Despite some weaknesses, real-world data can have a pivotal role in oncology, helping researchers and physicians to better understand the efficacy of anti-cancer treatments and how to manage the side effects.
This is the position expressed in a commentary published in The Oncologists by three Italian experts: Massimo Di Maio from University of Turin, Francesco Perrone from the National Cancer Institute in Naples and Pierfranco Conte from University of Padua.
According to the authors, the analysis of real-world evidence (such as health records and cancer registries) is gaining increasing attention as a useful way to answer questions that randomised controlled trials cannot fully address. “However, caution must be paid to the intrinsic limitations of such data, to avoid a misleading and potentially harmful use” authors warned.

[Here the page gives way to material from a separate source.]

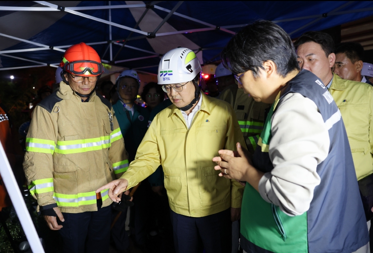 앞서 김 지사는 16일 밤 오산시 가장동 가장교차로에서 발생한 옹벽 붕괴 사고 현장을 찾아 행정1부지사와 소방재난본부장에게 “도내 비슷한 옹벽이나 유사한 도로, 구조물이 있는지 신속하게 조사하고 조치해달라”면서 “모레 아침까지 비가 많이 온다고 하니 내일이라도 빨리 시군하고 급한 곳부터 빨리 전수조사를 해서 사고를 예방하자”고 지시했다.

Several applications for real-world evidence have been proposed in recent years like their use to describe the efficacy of a treatment in a “real” population, more similar to the population clinicians see in their daily practice, and not shaped by the very stringent inclusion criteria often established for RTCs. Moreover, real-world evidence can help better understand if a result can be generalized to different sub-populations, or give clues on the optimal treatment sequence, while the majority of RTCs do not address this issue.

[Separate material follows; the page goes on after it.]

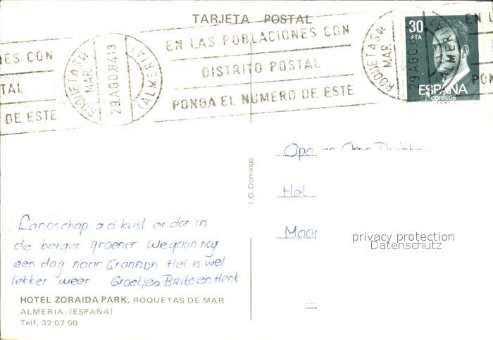 old postcard Almeria Hotel Zoraida Park postalisch gelaufen Erhaltung siehe scans

And there’s even more than this: real-world evidence is useful to describe the reliability of complex procedures in the clinical practice, to show the effectiveness of interventions in settings where RCT can be extremely challenging, as is the case of rare molecular subgroups, and can be used to establish the safety profile of a drug, especially when it comes to long-term adverse events. “Real-world studies can also give useful information about the compliance or adherence to treatment” Di Maio and colleagues added.
Getting a glimpse of the other side of the coin, it is clear that some characteristics of real-world evidence can limit their use. “The absence of a randomized group does not allow to estimate the efficacy compared with other treatments, and quality of data could be lower compared with clinical trials” said the authors, by way of example.